There had already been flurries of snow this season, and it felt like there might soon be more, although the sky tonight had grown crisply, vividly clear. But the cold didn’t bother him. It was exhilarating. He felt completely alive and completely himself, far from the world of his mother and the soldiers and school.
The town lay at his feet. From this high place it resembled the map he had pinned to his bulletin board back home. It was completely static, a grid of stationary lights, except for the patrol cars performing their slow waltz. The cars moved like a glittering clockwork, pausing a beat at each intersection.

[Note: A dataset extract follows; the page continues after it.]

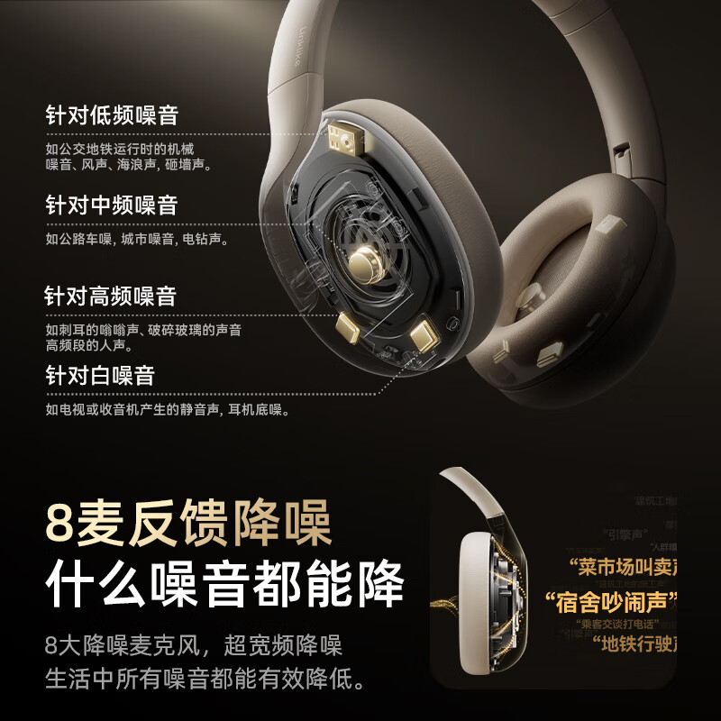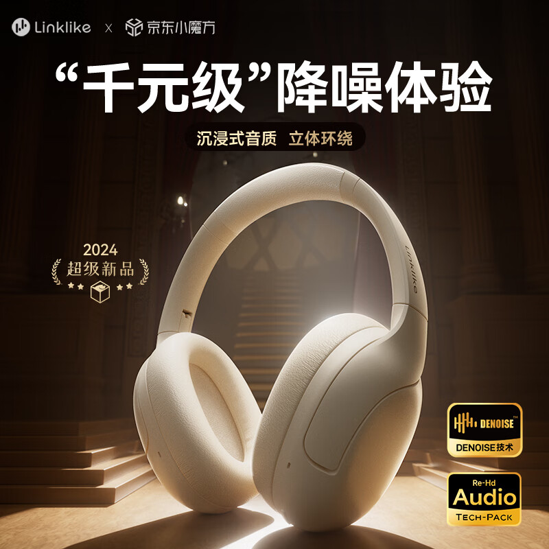 linklike【100%好评推荐丨8麦降噪】蓝牙耳机头戴式主动降噪无线音乐电竞游戏运动隔音适用苹果华为电脑pc -50dB强劲降噪丨千元沉浸音质价格:798.00元!
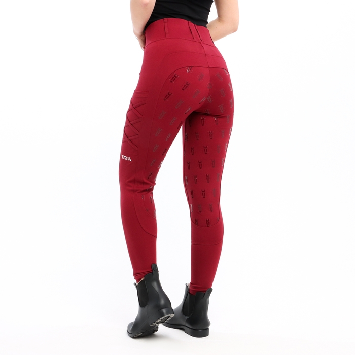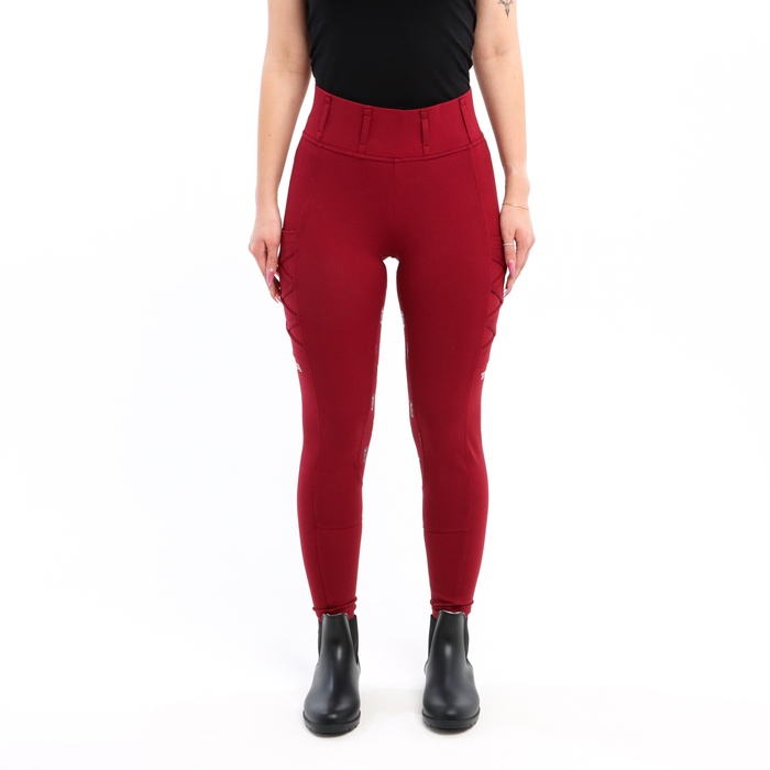Спортивные бриджи для верховой езды «Aphrodite» представляют новую коллекцию «Pantheon» бренда TAYA Equestrianism. По ощущениям такие бриджи столь же комфортные, как и обычные женские спортивные лосины, но при этом имеют боковые карманы, а также полную силиконовую лею, которая надежно удержит в седле при любых обстоятельствах. Бордовые бриджи данной линейки имеют крепкие, максимально износостойкие, но вполне мягкие швы, а достаточно высокая талия и плотная посадка на широкой резинке пояса отлично защищает поясницу от продувания при активной езде или при использовании в комплекте с коротким спортивным топом. Данные конные бриджи с карманами, причем удобными, так как в них вмещаются не только мелкие вкусняшки для лошади, но и, к примеру, полностью помещается смартфон без вероятности его выпадения во время конкура или выездки. В них легче и проще переносить летнюю жару и можно считать своим стандартным всесезонным вариантом для не экстремальных температур.

“Go to hell,” Clifford told them. This was a whisper. A delicious heresy. The wind carried it away. But there was nobody around to hear him. Giddy, Clifford stood up and shouted it. “GO TO HELL!”
The patrol cars wheeled on, as implacable as the motion of the stars. Clifford laughed but felt near tears.
It was almost time to go home. He had proved he could do this; all that remained was to prove he could get back safely. He was excited, but the cold air began to seem colder and he thought about his room, his bed, with a first pang of longing.
He picked up his bike. Down the brick path to Cleveland Avenue and west toward home. That should be easy enough.
But something caught his eye.
The hilly part of Powell Creek Park overlooked the business district. Clifford enjoyed an unobstructed view down to the intersection of Oak and Beacon. He saw the twin red taillights of a patrol car as it reached the corner—on schedule.
But the car turned west on Oak… and shouldn’t it have gone east?
And now the car slowed, and that was strange, too. Its spotlight probed an alleyway behind Beacon Street. Clifford crouched on the grass, watching. He felt suddenly vulnerable, too obvious. He wished he had his scanner; maybe he could listen in.
The spotlight winked out and the patrol car moved on along Oak and turned a corner. It disappeared from Clifford’s view behind the stores on Knight, but he was able to track the glow of its headlights. Down Knight to Promontory, farther from the park. Then east again. Then, mysteriously, back onto Beacon.